Print version ISSN 0365-0596

An. Bras. Dermatol. vol.88 no.4 Rio de Janeiro July/Aug. 2013 

Syndrome in Question

Do you know this syndrome?*

Você conhece esta síndrome?

Rogerio Nabor Kondo1 

Ligia Márcia Mario Martins2 

Vivian Cristina Holanda Lopes

Rodrigo Antonio Bittar4 

Fernanda Mendes Araújo4 

1Assistant Professor of Dermatology at the Hospital Universitário Regional do Norte do Paraná, State University of Londrina (HU-UEL) – Londrina (PR), Brazil

2MD, MSc, Center of Health Sciences, Assistant Professor of Dermatology at the Hospital Universitário Regional do Norte do Paraná, State University of Londrina (HU-UEL) – Londrina (PR), Brazil.
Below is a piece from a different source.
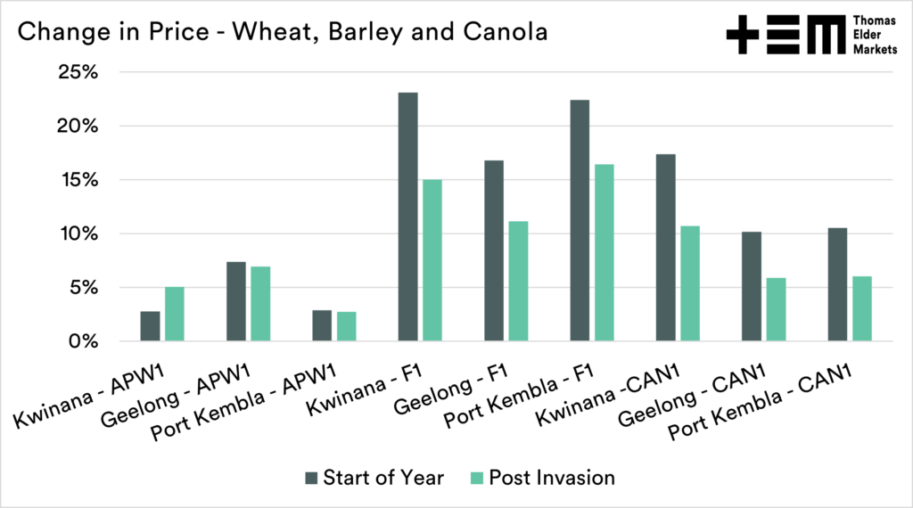 First, how have prices compared between grains in Australia? The chart below shows the change in price between two points and present. It’s important to define these two pricing points, one was before a Russian invasion was considered likely, and one since the invasion commenced.

4Resident in Dermatology at the Hospital Universitário Regional do Norte do Paraná, State University of Londrina (HU-UEL) – Londrina (PR), Brazil


Noonan Syndrome is one of the most common genetic syndromes and also an important differential diagnosis in children presenting with syndromic facies similar to Turner's syndrome phenotype. This syndrome is characterized by facial dysmorphism, congenital heart defects, short stature and also a wide phenotypic variation. This article discusses the case of a 10 year-old patient with Noonan syndrome that presented typical facies, cardiac defects (pulmonary dilatation and mitral regurgitation), dental malocclusion, micrognatism, short stature and a certain degree of learning disability.
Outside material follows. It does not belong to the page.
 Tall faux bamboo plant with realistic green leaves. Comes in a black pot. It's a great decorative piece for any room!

Key words: Genetics; Heart defects, Congenital; Noonan syndrome; Stature by age; Turner syndrome


Síndrome de Noonan é uma das mais frequentes síndromes genéticas e importante diagnóstico diferencial em crianças com fácies sindrômica similar ao fenótipo da síndrome de Turner. É caracterizada por dismorfismo facial, defeitos cardíacos congênitos, baixa estatura e uma ampla variação fenotípica. Esse artigo apresenta um caso de uma paciente de 10 anos de idade com síndrome de Noonan que apresentava fácies tiípica além de defeitos cardíacos (dilatação de artéria pulmonar e insufiência mitral), má oclusão dentária, micrognatismo, baixa estatura e dificuldade de aprendizado.

Palavras-Chave: Cardiopatias congênitas; Estatura-Idade; Genética; Síndrome de Noonan; Síndrome de Turner


A 10 year-old female patient presented with keratosis pilaris and characteristic facial anomalies. The prenatal history did not indicate any particular risk factors, the patient being born by normal delivery, without incidents and presenting with a good physical condition at the moment of birth (APGAR scores 9 and 10).

Physical examination showed signs of hypertelorism, down-slanting palpebral fissures, low set posteriorly rotated ears, palpebral ptosis, short neck, micrognathism and short stature (Figures 1 and 2). The mother reported some degree of learning disability and the need for special educational support in school.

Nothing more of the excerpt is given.